These fucking foster cats, man. They were my roommates idea, but I’ve come to be pretty engaged by the whole process. A few months ago we got our first pair of kittens from a woman named Tara, who presumably lived with about 34 other foster cats. I know this because the cat carrier that she used to get the kittens here was kind of sexy. That shows an insane dedication to being a legit cat lady. A sexy cat carrier is the real thing.

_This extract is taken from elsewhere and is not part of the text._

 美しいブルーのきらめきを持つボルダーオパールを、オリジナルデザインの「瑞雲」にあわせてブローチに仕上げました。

These cats aren’t ours to keep. We’re just taking care of them until they get adopted. That first pair of kittens was a boy and a girl, brother and sister. Their mother had met some horrible fate, or she was just a young cat who wasn’t ready to take care of a litter. Either way, being parentless and alone had taken it’s toll on these kitties. They were like soldiers returning home from Iraq. I would find one of them just rocking alone in the corner, humming to itself. They would never let you touch them, unless you were basically holding cat food in the palm of your hand, and one you did get ahold of one you would end up with scratches all over your hands and face. One of them pissed in my roomates bed because he was hungry, and probably scared that he wasn’t going to get get fed again. So he pissed somewhere weird. I get that. I get that a lot. Those cats were a mess, but they got adopted anyway. Which was good thing because we had come to the end of our communal rope with them.

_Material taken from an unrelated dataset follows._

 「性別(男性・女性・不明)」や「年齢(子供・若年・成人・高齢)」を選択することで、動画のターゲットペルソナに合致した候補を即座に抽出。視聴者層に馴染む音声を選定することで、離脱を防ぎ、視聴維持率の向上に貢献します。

Our 2nd batch of kittens was completely different. They are loving, and adorable, and you can barely tell they came from a broken home. Barely. They are like the children of a royal family, beautiful but weird. I’ll get to the point: the boy cat is always sucking up on the girl cat’s titties. It’s like out in the open they are gorgeous and charismatic, behind closed doors one of them is breastfeeding well into their teens, and he breastfeeds from his sister. It’s like a scene ripped straight from Game of Thrones. But they’re cats? So I guess it’s fine? To me it still seems pretty dysfunctional, and just goes to show that the ones who appear the most pulled together are usually the most fucked up.